Hara Arena, the former home of Hamvention®, is going on the auction block, the IRS has announced. The now-beleaguered building and grounds were closed a year ago last month by its owners, the Wampler Family, which had attempted for years, unsuccessfully, to put Hara on a profitable plane. The minimum bid is $850,000; proceeds will satisfy a tax lien. The auction comes in the wake of an Order of Sale entered in the US District Court for the Southern District of Ohio. The IRS will take bids on August 30 on the 1001 Shiloh Springs Road site, starting at 11 AM ET (bidders must be registered by 10 AM ET). An “open house” for prospective bidders will be held on August 29. According to the announcement, “any rights, titles, claims, liens and interest” in the buildings and land will be discharged once a sale is confirmed. The auction brochure includes several recent photos of the Hara Complex.
“The Arena, formally known as the Hara Arena, is a six-building complex that contained an ice rink, ballroom, conference hall, concerts seating, sports events, shows of unlimited venues and restaurant,” the auction announcement said, noting that the two land parcels that make up the site in the Dayton suburb of Trotwood comprise slightly more than 25 acres.
Prospective bidders must put up $170,000 in earnest money to be eligible to take part in the auction. Payments must be by Certified or Cashier’s Check made payable to the United States District Court for the Southern District of Ohio.
“No bids will be received from any person who has not presented proof that, if he or she is the successful bidder, he or she can make the deposit required by the Order,” the announcement said.
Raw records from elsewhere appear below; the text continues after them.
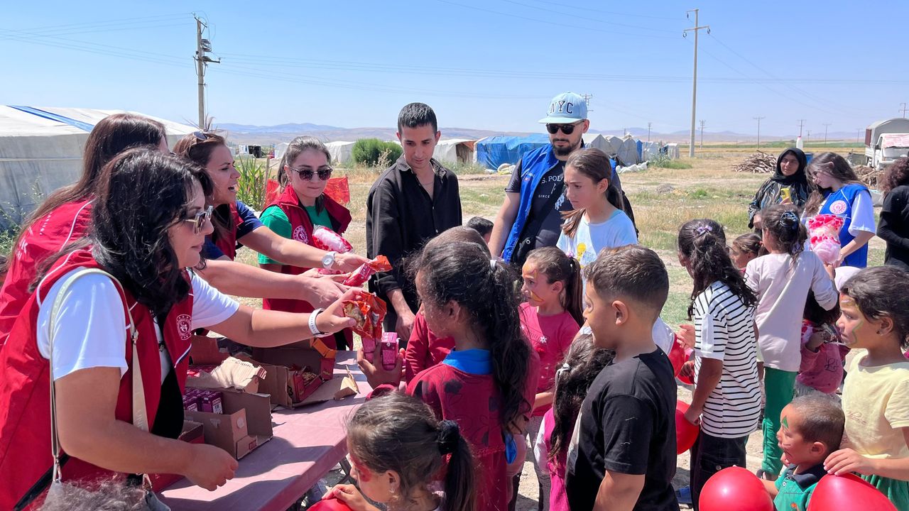 Mevsimlik işçilerin çocukları unutulmaz bir gün yaşadı Şarkılar söyleyip dans eden, çeşitli oyunlarla doyasıya eğlenen çocuklara küçük hediyeler de dağıtıldı.
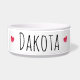 犬のシンプル名前の両側に水彩ハートが付いた陶製の可愛いドッグボウル。パーソナライズされたシンプルデザイン。ペットの名前でパーソナライズす素晴らしる、子犬、犬、猫のために。シンプルパーソナライズされたモダンドッグペットボウル
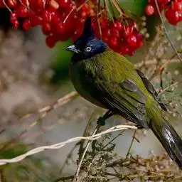 黑冠黄鹎:体长18-21厘米,是一种中等体型偏黄色鹎。整个头、颈、颏、喉黑色,头顶有显著直立的羽冠,…
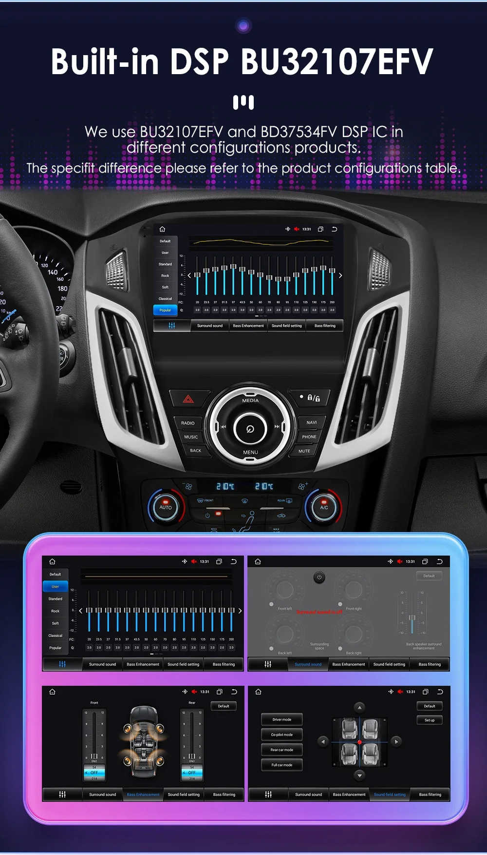 DSP BU32107EFV integrato: utilizziamo BU32107EFV e BD37534FV DSP IC in diverse configurazioni di prodotti. Per le differenze specifiche, fare riferimento alla tabella delle configurazioni del prodotto.

Sale of the real property shall be subject to confirmation by the Court.
The now-deteriorating Hara Arena served as the home of Hamvention® from 1964 until 2016, before it was closed abruptly last summer. Soon after, Hamvention’s sponsor, the Dayton Amateur Radio Association (DARA), announced that it would be relocating the country’s most popular Amateur Radio gathering to the Greene County Fairgrounds and Expo Center in Xenia, where Hamvention 2017 took place in May. Last November, an online auctioneer took bids on a variety of items from the former Hamvention home, many of which went to nostalgia buffs or those having some sentimental connection with the facility.
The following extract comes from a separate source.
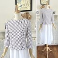 ボートネックのコットンブラウス『ドット柄・水玉・七分袖・ボトルネック』

Hara Arena had been facing long-standing financial problems — including unpaid property taxes — and unresolved family financial issues. Promised renovations never materialized for the 2016 Hamvention, which attracted more than 25,000 visitors, worth millions of dollars to the Dayton area economy.
The Wampler family had owned and operated Hara Arena since its humble origins in the 1950s, when Wampler Ballarena — then a dance hall and now an exhibit hall familiar to Hamvention visitors — was built in what had been a family-owned orchard.